No pressure, but it would be good to know your doing ok today?

TheHammaconda · 15/12/2013 19:08

Hello Packup, how's your day been?

Dinkydoos · 15/12/2013 20:03

Hi pack. Let us know you ok if you can ?
Hope you are managing.

cjel · 15/12/2013 20:54

Thinking of you Pack, Hope today has been goodxxx

SuburbanCrofter · 15/12/2013 21:01

Hi Pack, how are you doing? What's the weather like where you are? It's been overcast and rainy where I live. We have been on an epic mission to find tinsel, but it seems there's none to be found for some reason. Are you decorating your flat this year?

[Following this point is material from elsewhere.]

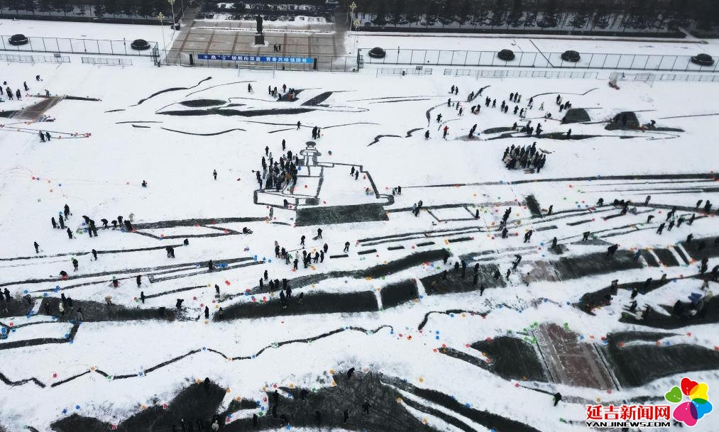 12月28日,哈尔滨工程大学师生在“绘制”“福建舰”航母雪地图案(无人机照片)。新华社发(刘洋摄)

Come and have a chat if it will help.

Tuhlulah · 15/12/2013 22:26

PackUp, we haven't heard from you since 10pm yesterday. That's a long time when a gal's feeling low! How are you?

Jux · 15/12/2013 23:05

Pack, hope you're OK? What news? How are you? How's the rib?

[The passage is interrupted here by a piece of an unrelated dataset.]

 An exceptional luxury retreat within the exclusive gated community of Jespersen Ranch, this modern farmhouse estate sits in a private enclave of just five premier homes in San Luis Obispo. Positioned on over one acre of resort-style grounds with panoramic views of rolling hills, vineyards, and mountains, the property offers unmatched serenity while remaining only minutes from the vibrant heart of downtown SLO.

paxtecum · 16/12/2013 06:36

Pack: Good morning.

How are you?

How was yesterday
x

paulapantsdown · 16/12/2013 07:29

Morning Pack. How you doing? I'm here in my dressing gown making sandwiches for ds2's entire class for their xmas party because I got there too late to tick the 'crisps' bit on the list!

What are you up to today? Would love to hear from you.

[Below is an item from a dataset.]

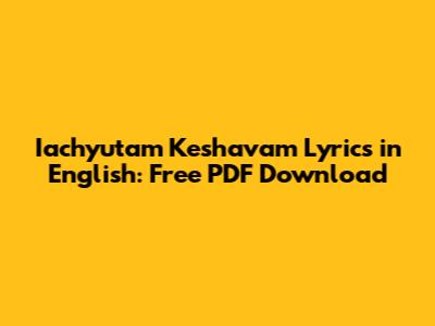 Hey everyone! If you're looking for the beautiful lyrics of "Iachyutam Keshavam" translated into English and want a free PDF download, you've come to the right place. This devotional song, often sung with deep reverence, holds a special place in the hearts of many. Understanding the lyrics can truly enhance the spiritual experience, allowing you to connect more deeply with the divine message. We're going to dive into what makes this song so special, provide you with the English lyrics, and guide you on how to get your hands on a free PDF version. So, grab a comfy seat, maybe a cup of chai, and let's explore the magic of "Iachyutam Keshavam" together.

itwillgetbettersoon · 16/12/2013 07:52

Hi Pack hope all is ok. Let us know how it is going as we are all thinking of you.

cjel · 16/12/2013 10:06

Morning Pack. Still thinking of youFlowers

IrishBloodEnglishHeart · 16/12/2013 10:27

Hey Pack. Adding my voice to all those thinking of you today xx

AGypsiesWife · 16/12/2013 10:53

Mine, too. How are you today?

clippityclop · 16/12/2013 16:25

Thinking of you here too, you're an amazing woman to come so far. Keep strong, you've got everything going for you. x

Tuhlulah · 16/12/2013 16:33

Hi Packup,

We haven't heard from you and some of us are worried, given your circumstances.

It doesn't matter if you have gone back to him, no one will judge you or 'tell you off'. Or maybe you've self harmed and gone a bit further than you expected, and you're hurt.

Whatever has happened, we won' judge or think you are silly or bad.

But either way, let us know how you are doing.